Systematic study on transport properties of FeSe thin films with various degrees of strain

TL;DR

This study systematically investigates how in-plane lattice strain affects the transport and superconducting properties of FeSe thin films, revealing that compressive strain enhances $T_c$ and carrier density, while tensile strain suppresses superconductivity.

Contribution

It provides a comprehensive analysis of the relationship between in-plane strain, structural transitions, and superconductivity in FeSe thin films, highlighting the importance of carrier density for $T_c$ enhancement.

Findings

Compressive strain increases $T_c$ up to 12 K.

Tensile strain suppresses superconductivity.

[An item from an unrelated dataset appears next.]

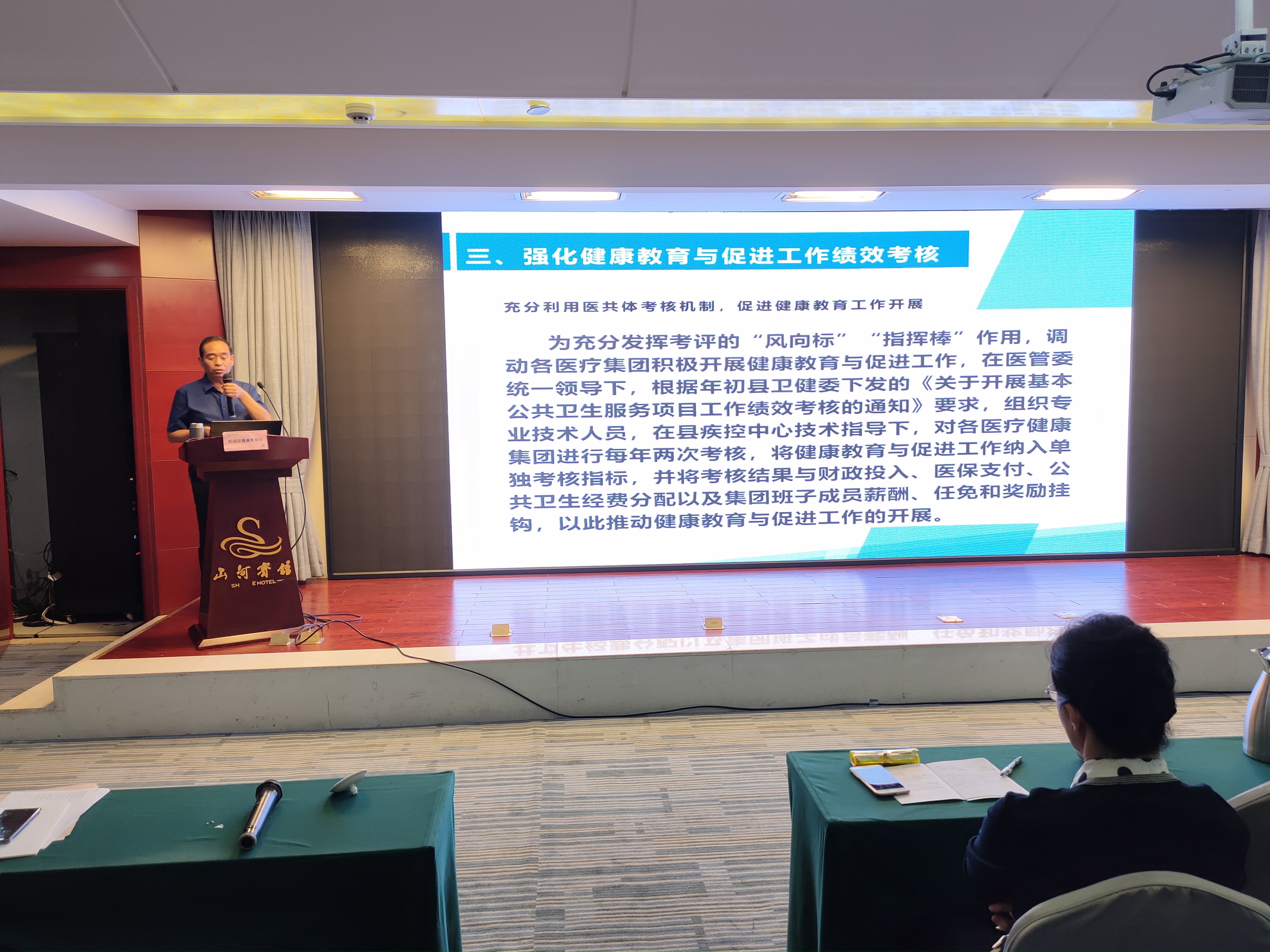 張吉志首先介紹了鄲城縣近年來健康教育工作的基本概況、取得的工作成績。然后,從領(lǐng)導(dǎo)重視、健全組織體系、強化工作措施、建強健康素養(yǎng)促進專業(yè)隊伍;部門聯(lián)動深入開展健康促進“321”工作模式、創(chuàng)新健康促進模式,提升健康素養(yǎng)水平;強化醫(yī)防融合,助力健康教育;突出重點,扎實推進省級健康促進縣創(chuàng)建工作;細化措施,規(guī)范開展居民健康素養(yǎng)監(jiān)測;加強工作督導(dǎo)等方面介紹了全縣醫(yī)共體背景下健康教育工作的開展情況?!班惓墙?jīng)驗”受到學員的高度評價。

Carrier density correlates with $T_c$ enhancement.

Abstract

We performed systematic studies on the transport properties of FeSe thin films with controlled degrees of in-plane lattice strain, including both tensile and compressive strains. The superconducting transition temperature, $T_{\mathrm c}$, increases up to 12 K for films with compressive strain while the superconductivity disappears for films with large tensile strains. On the other hand, the structural (nematic) transition temperature, $T_{\mathrm s}$, slightly decreases as the in-plane strain is more compressive. This suggests that the structural transition can be extinguished by a smaller amount of Te substitution for films with more compressive strain, which may lead to higher $T_{\mathrm c}$ in FeSe$_{1-x}$Te$_x$. It was also found that the carrier densities evaluated via transport properties increase as the in-plane strain becomes more compressive. A clear correlation between $T_{\mathrm c}$ and the carrier densities suggests that it is essential to increase carrier densities for the $T_{\mathrm c}$ enhancement of iron chalcogenides.